*** Opening of Data excerpt ***

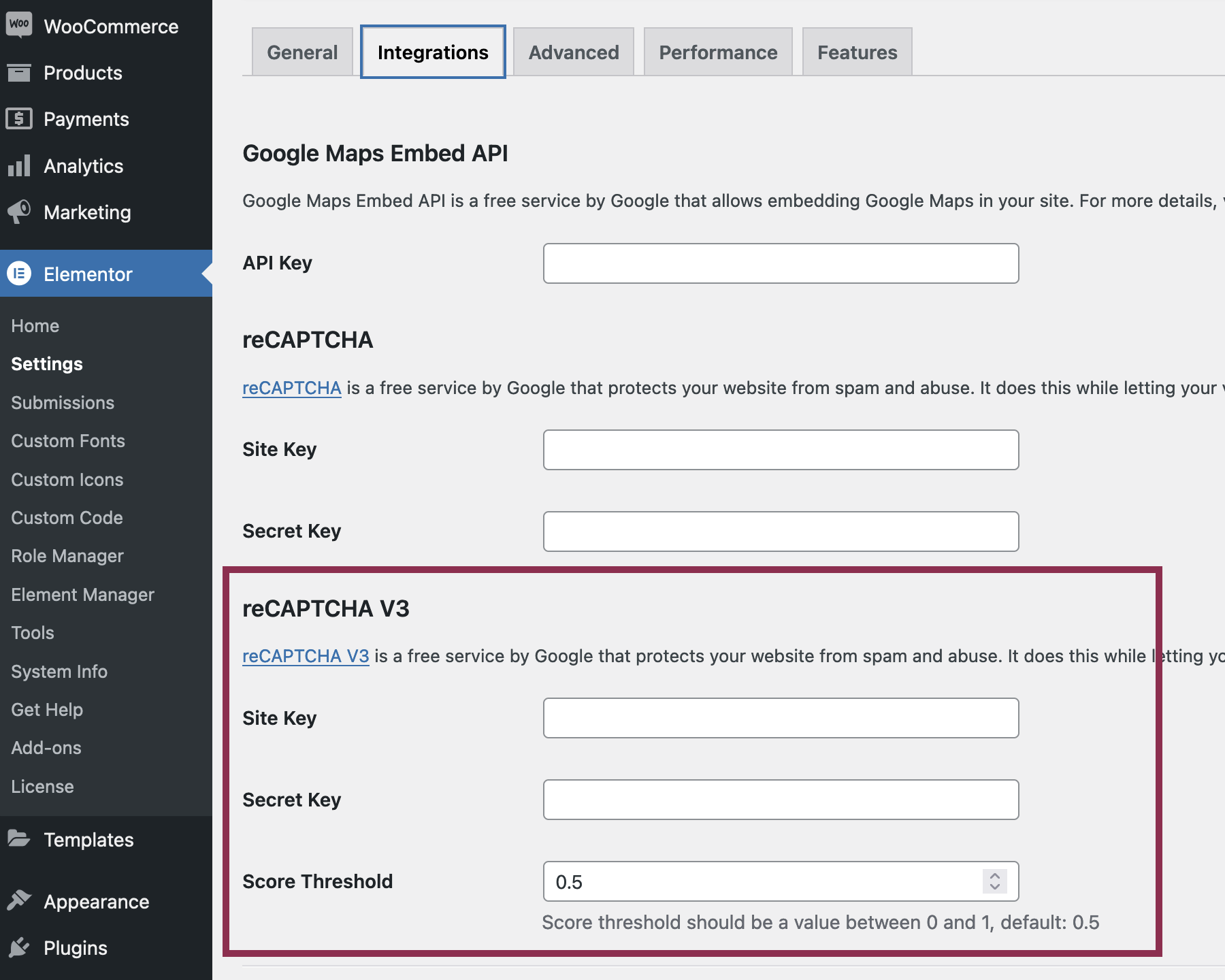 Now that you have registered your website with Google reCAPTCHA, let’s switch over to the WordPress Dashboard. Please make sure you have easy access to the Site Key and Secret Key. You will need to add them into the Elementor settings.
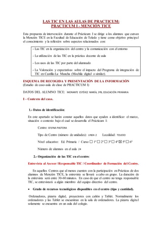 (1) El documento describe una propuesta para observar el uso de las TIC en las aulas de Prácticum I para estudiantes de la Mención TICE en la Facultad de Educación de Toledo. (2) La propuesta se centra en conocer aspectos como el uso de TIC en la organización escolar, la enseñanza, y las expectativas sobre programas TIC. (3) El documento incluye un esquema para recopilar información sobre un caso de estudio en un aula, incluyendo entrevistas y
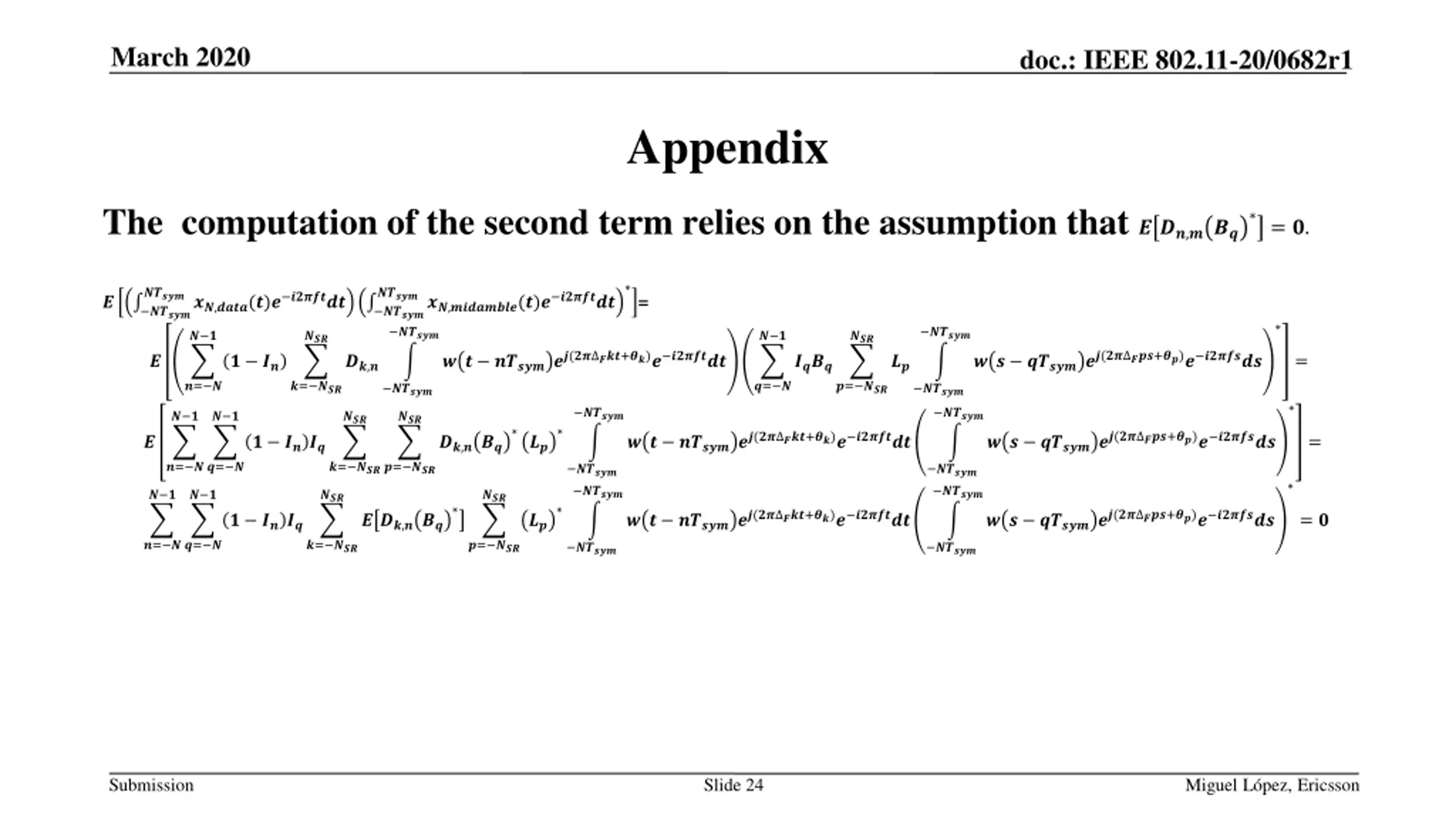 March 2020 doc.: IEEE 802.11-20/0682r1 Appendix The computation of the second term relies on the assumption that ? ??,??? = ?. ???????,????(?)? ??????? ???????,????????(?)? ??????? = ? ????? ????? ????? ????? ? ? ??? ? ? ??? ? ? ???????(?? ???+??)? ??????? ? ? ???????(?? ???+??)? ??????? ? ? ?? ??,? ???? ?? = ?= ? ?= ??? ?= ? ?= ??? ????? ????? ????? ????? ? ? ? ? ??? ??? ? ? ???????(?? ???+??)? ??????? ? ? ???????(?? ???+??)? ??????? ? ? ???? ??,??? ?? = ?= ? ?= ? ?= ??? ?= ??? ????? ????? ????? ????? ? ? ? ? ??? ??? ? ? ???????(?? ???+??)? ??????? ? ? ???????(?? ???+??)? ??????? ? ???? ? ??,??? ?? = ? ?= ? ?= ? ?= ??? ?= ??? ????? ????? Submission Slide 24 Miguel L pez, Ericsson

*** Close of Data excerpt ***

__Exercise__
Could each line of the data be written out exactly, with no pictures included?

__Response to the exercise__
 Now that you have registered your website with Google reCAPTCHA, let’s switch over to the WordPress Dashboard. Please make sure you have easy access to the Site Key and Secret Key. You will need to add them into the Elementor settings.
 (1) El documento describe una propuesta para observar el uso de las TIC en las aulas de Prácticum I para estudiantes de la Mención TICE en la Facultad de Educación de Toledo. (2) La propuesta se centra en conocer aspectos como el uso de TIC en la organización escolar, la enseñanza, y las expectativas sobre programas TIC. (3) El documento incluye un esquema para recopilar información sobre un caso de estudio en un aula, incluyendo entrevistas y
 March 2020 doc.: IEEE 802.11-20/0682r1 Appendix The computation of the second term relies on the assumption that ? ??,??? = ?. ???????,????(?)? ??????? ???????,????????(?)? ??????? = ? ????? ????? ????? ????? ? ? ??? ? ? ??? ? ? ???????(?? ???+??)? ??????? ? ? ???????(?? ???+??)? ??????? ? ? ?? ??,? ???? ?? = ?= ? ?= ??? ?= ? ?= ??? ????? ????? ????? ????? ? ? ? ? ??? ??? ? ? ???????(?? ???+??)? ??????? ? ? ???????(?? ???+??)? ??????? ? ? ???? ??,??? ?? = ?= ? ?= ? ?= ??? ?= ??? ????? ????? ????? ????? ? ? ? ? ??? ??? ? ? ???????(?? ???+??)? ??????? ? ? ???????(?? ???+??)? ??????? ? ???? ? ??,??? ?? = ? ?= ? ?= ? ?= ??? ?= ??? ????? ????? Submission Slide 24 Miguel L pez, Ericsson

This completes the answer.